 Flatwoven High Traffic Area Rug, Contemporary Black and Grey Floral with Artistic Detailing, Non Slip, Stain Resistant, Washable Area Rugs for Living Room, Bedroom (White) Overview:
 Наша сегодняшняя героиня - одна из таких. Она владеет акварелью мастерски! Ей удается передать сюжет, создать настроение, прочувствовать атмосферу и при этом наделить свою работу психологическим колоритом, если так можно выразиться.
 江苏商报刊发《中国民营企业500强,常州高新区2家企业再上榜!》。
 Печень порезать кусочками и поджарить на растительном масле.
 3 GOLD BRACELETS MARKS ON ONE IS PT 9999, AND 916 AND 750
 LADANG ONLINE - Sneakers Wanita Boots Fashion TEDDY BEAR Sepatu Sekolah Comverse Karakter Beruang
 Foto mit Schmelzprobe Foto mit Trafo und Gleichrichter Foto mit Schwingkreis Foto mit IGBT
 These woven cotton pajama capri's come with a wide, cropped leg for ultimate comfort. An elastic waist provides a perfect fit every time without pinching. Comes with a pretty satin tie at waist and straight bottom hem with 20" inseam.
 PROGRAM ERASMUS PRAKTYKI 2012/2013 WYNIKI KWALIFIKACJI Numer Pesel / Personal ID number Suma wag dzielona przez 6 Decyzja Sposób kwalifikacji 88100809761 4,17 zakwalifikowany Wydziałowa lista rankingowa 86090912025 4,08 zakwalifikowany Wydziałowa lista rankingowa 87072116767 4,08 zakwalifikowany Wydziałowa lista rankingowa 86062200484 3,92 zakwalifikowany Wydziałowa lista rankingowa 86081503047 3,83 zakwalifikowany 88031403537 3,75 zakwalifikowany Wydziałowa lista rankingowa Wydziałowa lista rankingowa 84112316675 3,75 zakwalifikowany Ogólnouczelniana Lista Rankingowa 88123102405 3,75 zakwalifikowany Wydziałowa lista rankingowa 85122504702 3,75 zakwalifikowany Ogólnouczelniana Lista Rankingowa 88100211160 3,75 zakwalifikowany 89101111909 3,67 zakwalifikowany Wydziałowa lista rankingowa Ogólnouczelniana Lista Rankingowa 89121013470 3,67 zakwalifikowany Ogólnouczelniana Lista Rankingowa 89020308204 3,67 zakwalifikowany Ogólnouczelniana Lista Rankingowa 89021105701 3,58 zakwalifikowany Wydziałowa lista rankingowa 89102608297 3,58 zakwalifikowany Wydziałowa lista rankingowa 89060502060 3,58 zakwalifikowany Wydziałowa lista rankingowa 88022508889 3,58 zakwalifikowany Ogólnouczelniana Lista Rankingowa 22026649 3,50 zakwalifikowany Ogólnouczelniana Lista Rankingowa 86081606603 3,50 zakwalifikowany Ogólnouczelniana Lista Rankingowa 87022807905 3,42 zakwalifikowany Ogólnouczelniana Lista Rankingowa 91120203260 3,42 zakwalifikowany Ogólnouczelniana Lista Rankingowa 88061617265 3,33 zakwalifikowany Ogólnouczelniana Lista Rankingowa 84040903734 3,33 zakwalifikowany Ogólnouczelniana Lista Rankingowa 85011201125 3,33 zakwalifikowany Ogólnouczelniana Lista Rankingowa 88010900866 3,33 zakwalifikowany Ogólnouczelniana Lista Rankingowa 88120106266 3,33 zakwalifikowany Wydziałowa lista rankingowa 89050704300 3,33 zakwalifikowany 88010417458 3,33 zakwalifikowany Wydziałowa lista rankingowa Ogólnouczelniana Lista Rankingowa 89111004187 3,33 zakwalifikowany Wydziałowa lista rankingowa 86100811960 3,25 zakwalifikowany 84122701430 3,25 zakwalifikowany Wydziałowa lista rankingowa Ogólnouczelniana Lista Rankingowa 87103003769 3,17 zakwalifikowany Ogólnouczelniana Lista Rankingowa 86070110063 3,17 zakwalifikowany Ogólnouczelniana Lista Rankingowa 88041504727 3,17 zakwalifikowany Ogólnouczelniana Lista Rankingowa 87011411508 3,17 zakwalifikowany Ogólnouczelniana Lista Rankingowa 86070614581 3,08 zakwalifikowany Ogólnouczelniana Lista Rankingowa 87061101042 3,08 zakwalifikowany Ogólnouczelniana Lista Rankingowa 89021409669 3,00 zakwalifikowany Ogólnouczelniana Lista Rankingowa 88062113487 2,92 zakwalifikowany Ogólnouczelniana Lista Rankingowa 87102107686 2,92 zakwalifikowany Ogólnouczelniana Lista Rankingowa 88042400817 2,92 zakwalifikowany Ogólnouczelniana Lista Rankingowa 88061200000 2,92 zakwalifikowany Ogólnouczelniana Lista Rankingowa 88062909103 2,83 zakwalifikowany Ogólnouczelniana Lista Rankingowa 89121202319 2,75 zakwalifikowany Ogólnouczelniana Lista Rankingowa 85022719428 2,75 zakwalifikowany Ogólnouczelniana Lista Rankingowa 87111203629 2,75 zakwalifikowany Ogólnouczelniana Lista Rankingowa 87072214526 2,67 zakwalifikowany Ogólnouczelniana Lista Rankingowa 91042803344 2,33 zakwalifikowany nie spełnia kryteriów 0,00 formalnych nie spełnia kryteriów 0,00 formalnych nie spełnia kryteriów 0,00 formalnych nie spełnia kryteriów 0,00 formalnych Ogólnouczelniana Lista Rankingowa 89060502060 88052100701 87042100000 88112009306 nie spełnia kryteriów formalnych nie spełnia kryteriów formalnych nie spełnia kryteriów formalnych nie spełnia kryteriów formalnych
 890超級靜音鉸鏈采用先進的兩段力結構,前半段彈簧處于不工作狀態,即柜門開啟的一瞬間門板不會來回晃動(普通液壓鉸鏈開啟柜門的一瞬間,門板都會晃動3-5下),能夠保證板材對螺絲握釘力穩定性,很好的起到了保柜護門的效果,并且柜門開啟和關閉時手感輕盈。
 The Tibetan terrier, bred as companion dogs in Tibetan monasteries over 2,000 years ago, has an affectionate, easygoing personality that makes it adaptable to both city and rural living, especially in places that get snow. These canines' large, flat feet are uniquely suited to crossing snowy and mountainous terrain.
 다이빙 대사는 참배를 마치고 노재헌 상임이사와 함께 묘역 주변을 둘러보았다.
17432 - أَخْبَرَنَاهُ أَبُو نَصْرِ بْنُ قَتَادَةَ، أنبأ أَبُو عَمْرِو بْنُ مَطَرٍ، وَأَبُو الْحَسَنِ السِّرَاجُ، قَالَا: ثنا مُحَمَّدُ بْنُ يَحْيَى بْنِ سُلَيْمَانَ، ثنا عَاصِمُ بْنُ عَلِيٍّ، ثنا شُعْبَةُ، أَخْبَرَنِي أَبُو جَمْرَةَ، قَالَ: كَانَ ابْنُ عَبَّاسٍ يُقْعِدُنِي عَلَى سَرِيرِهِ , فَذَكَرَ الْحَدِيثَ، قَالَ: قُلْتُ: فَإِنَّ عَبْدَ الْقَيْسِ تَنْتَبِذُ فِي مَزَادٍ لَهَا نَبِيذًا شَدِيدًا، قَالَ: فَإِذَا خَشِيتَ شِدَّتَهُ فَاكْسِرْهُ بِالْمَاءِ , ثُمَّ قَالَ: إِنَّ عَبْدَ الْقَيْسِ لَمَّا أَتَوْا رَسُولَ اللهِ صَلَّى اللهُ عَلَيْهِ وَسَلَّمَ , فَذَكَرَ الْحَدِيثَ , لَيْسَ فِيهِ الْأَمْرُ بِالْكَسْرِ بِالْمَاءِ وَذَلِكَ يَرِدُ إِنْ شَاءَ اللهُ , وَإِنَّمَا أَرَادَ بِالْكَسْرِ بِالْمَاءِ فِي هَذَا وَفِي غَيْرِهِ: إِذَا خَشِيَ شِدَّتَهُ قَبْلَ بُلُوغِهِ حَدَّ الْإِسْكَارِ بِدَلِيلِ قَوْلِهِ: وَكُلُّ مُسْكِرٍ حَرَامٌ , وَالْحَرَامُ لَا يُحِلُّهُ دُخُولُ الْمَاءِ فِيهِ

-=-=-=-=-

■ What is expected ■
Working from the material above, restate word for word the lines between the line with "LADANG ONLINE - Sneakers" and the line with "Foto mit Schmelzprobe", both included, and only those.

■ Completed task ■
 LADANG ONLINE - Sneakers Wanita Boots Fashion TEDDY BEAR Sepatu Sekolah Comverse Karakter Beruang
 Foto mit Schmelzprobe Foto mit Trafo und Gleichrichter Foto mit Schwingkreis Foto mit IGBT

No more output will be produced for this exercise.